@Natanox @freundTech @delroth yeah, we're against it. it's such a strange way to implement things... it probably felt natural because they treated the encryption as a bolt-on feature that happens in addition to the cleartext protocol, not instead of it, but there are very good security and architecture reasons not to do that.

@ireneista @Natanox@chaos.social @freundTech@chaos.social @delroth Are there any credible ways to prevent this in a general-purpose protocol like Matrix? Because I always see people bringing up Signal's sealed sender in response but as far as I can tell it does nothing of the sort.
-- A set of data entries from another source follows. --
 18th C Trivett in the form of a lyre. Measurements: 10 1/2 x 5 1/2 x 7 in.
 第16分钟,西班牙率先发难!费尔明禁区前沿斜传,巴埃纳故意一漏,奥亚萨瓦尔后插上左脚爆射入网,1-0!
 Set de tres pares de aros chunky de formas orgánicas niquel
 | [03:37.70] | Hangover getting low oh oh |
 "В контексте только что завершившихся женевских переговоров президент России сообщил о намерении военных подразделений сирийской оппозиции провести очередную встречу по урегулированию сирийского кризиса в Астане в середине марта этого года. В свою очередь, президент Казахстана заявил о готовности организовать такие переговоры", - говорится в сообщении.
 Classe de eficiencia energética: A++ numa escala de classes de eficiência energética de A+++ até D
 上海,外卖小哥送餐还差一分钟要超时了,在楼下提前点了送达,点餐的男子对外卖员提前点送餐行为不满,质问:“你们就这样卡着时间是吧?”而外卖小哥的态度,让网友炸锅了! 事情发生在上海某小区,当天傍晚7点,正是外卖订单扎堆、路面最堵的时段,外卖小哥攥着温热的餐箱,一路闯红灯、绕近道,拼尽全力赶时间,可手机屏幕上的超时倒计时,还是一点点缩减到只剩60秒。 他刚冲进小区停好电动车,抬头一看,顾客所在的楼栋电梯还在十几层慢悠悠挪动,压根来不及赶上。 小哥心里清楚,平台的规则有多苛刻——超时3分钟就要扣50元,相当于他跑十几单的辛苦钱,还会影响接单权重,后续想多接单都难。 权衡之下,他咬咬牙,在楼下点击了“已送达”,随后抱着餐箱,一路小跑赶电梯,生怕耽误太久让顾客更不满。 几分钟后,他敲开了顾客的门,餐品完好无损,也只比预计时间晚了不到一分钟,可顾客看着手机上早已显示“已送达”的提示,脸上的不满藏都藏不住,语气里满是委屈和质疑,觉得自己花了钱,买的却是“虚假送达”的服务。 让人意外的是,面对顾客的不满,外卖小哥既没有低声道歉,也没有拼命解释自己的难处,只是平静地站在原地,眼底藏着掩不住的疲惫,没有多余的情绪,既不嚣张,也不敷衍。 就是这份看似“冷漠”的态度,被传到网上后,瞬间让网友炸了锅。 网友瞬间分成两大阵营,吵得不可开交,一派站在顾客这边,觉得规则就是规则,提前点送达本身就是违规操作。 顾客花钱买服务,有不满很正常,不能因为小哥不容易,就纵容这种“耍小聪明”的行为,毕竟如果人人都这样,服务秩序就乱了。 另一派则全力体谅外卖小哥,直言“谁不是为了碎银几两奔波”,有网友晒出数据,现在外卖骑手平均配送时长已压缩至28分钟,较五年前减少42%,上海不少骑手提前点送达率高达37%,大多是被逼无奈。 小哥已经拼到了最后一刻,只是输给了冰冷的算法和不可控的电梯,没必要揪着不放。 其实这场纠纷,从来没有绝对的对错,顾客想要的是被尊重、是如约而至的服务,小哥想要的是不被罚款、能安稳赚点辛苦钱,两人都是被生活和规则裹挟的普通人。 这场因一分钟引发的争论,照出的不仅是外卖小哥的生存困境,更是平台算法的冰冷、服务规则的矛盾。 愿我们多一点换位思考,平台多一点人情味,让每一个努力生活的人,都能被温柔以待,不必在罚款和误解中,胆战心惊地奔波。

@joepie91 @Natanox @freundTech @delroth the fix is that privacy and security need to be things that are considered from the earliest steps of product development, in the initial requirements, not towards the end of the process.

@ireneista @Natanox@chaos.social @freundTech@chaos.social @delroth Okay, but say that they do. How do you address metadata around who talks to whom, on a technical level?

Because from what I've seen, there just seem to be no known ways to do this, that don't involve severe usability tradeoffs that would make something unusable as a general-purpose messenger.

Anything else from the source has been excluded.